Mon moine est prêt. A la première occasion, je vous enverrai donc ce moine et sa monture. L’infante, n’étant pas achevée, et étant trop mal commencée pour être jamais terminée, restera où elle est et me servira de garde-main pour un dessin que je vous ferai quand j’aurai le temps. Je meurs d’envie de voir la surprise que vous me destinez, mais je me creuse la tête inutilement pour le deviner. Quand je vous écris, je néglige trop les transitions, artifice de style bien nécessaire. Je crains que vous ne trouviez cette lettre terriblement décousue. C’est qu’à mesure que j’écris une phrase il m’en vient une autre à l’esprit, laquelle donne naissance à une troisième avant que la seconde soit terminée. Je souffre beaucoup ce soir. Si vous avez de l’influence là-haut, tâchez de m’obtenir un peu de santé ou tout au moins de résignation, car je suis le plus mauvais malade du monde, et je fais la mine à mes meilleurs amis. Quand je suis étendu sur mon canapé, je pense avec plaisir à vous, à notre mystérieuse connaissance, et il me semble que je serais bien heureux de causer avec vous autant à bâtons rompus que je vous écris, — et encore songez qu’il y a cet avantage, que les paroles volent et que les écrits restent.

Au surplus ce n’est pas l’idée d’être un jour imprimé tout vif ou posthume qui me tourmente. Adieu; plaignez-moi. Je voudrais avoir le courage de vous dire mille choses qui me rendent cette vie triste; mais comment vous les dire de si loin? Quand donc viendrez-vous? Adieu encore une fois. Vous voyez que, si le cœur vous en dit, vous avez tout le temps de m’écrire.

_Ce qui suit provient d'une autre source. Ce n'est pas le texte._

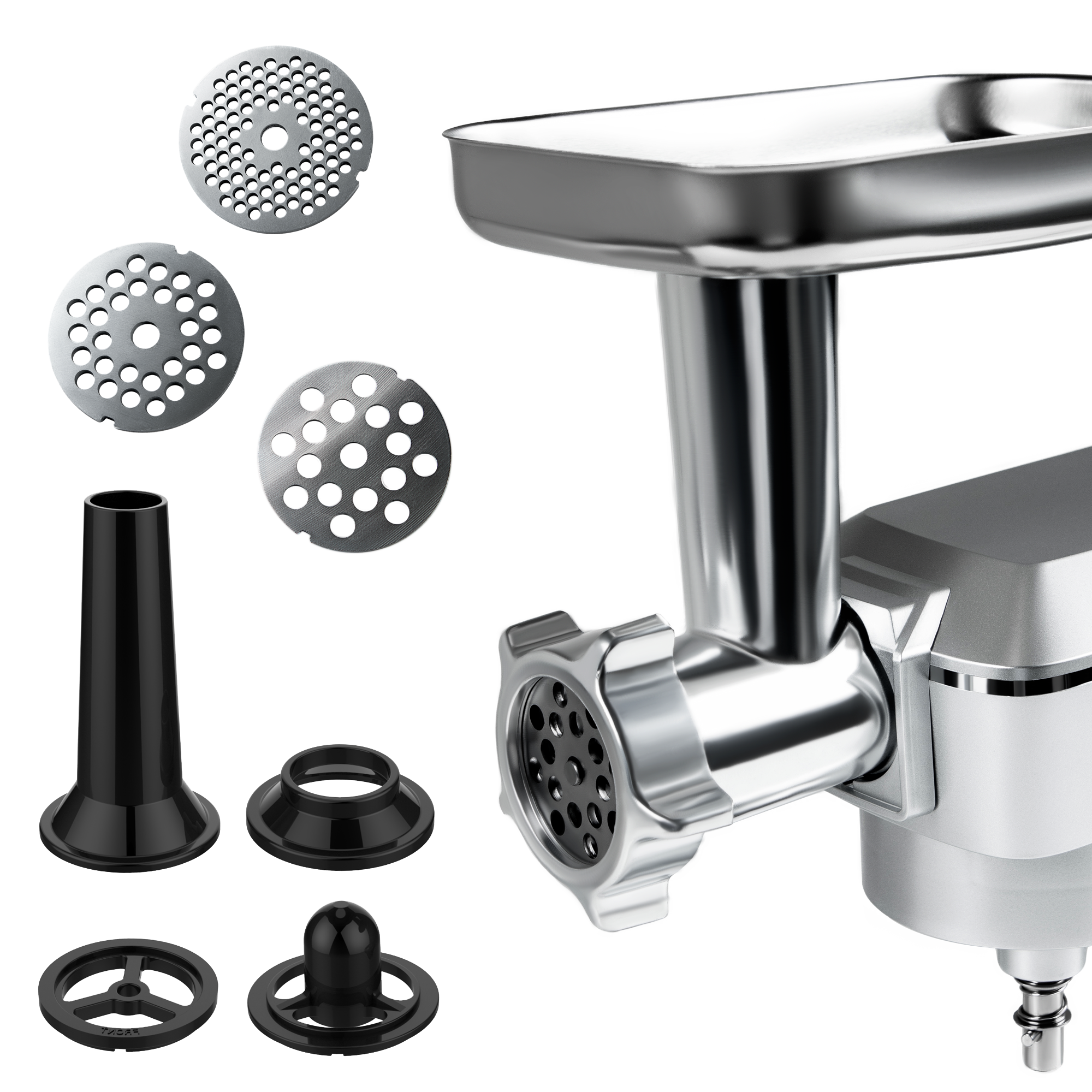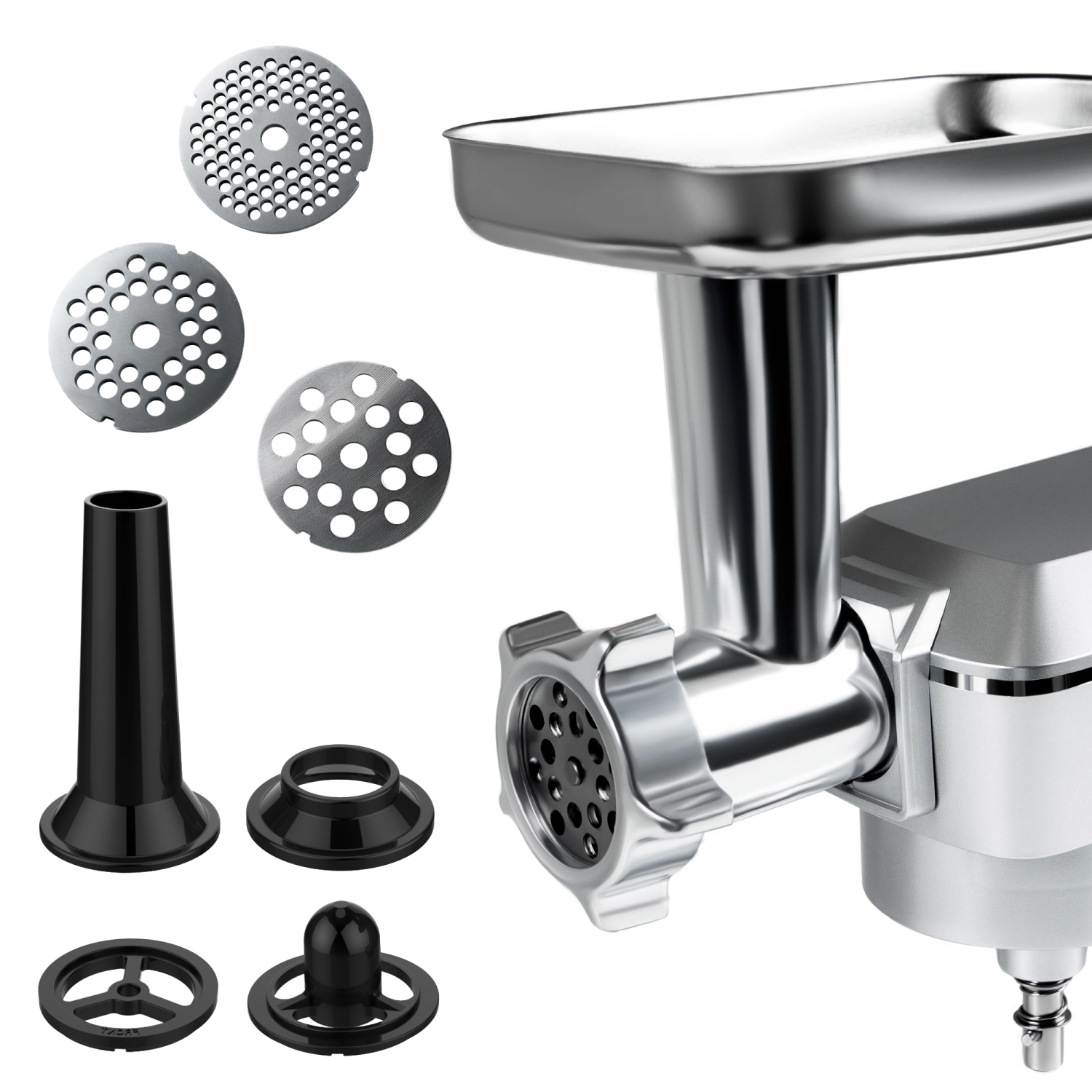 Включает 5 насадок, которые позволяют готовить фарш для котлет, домашние колбасы и сосиски, а также различные начинки и паштеты.

P.-S. — 26 septembre. — Je suis encore plus triste qu’hier. Je souffre horriblement; mais, si vous n’avez jamais éprouvé par vous- même ce que c’est qu’une gastrite, vous ne comprendrez pas ce que c’est qu’une douleur vague qui est très vive pourtant. Elle a cela de particulier, qu’elle agit sur tout le système nerveux. Je voudrais bien être à la campagne avec vous; vous me guéririez, j’en suis sûr. Adieu. Si je meurs cette année, vous aurez le regret de ne m’avoir guère connu.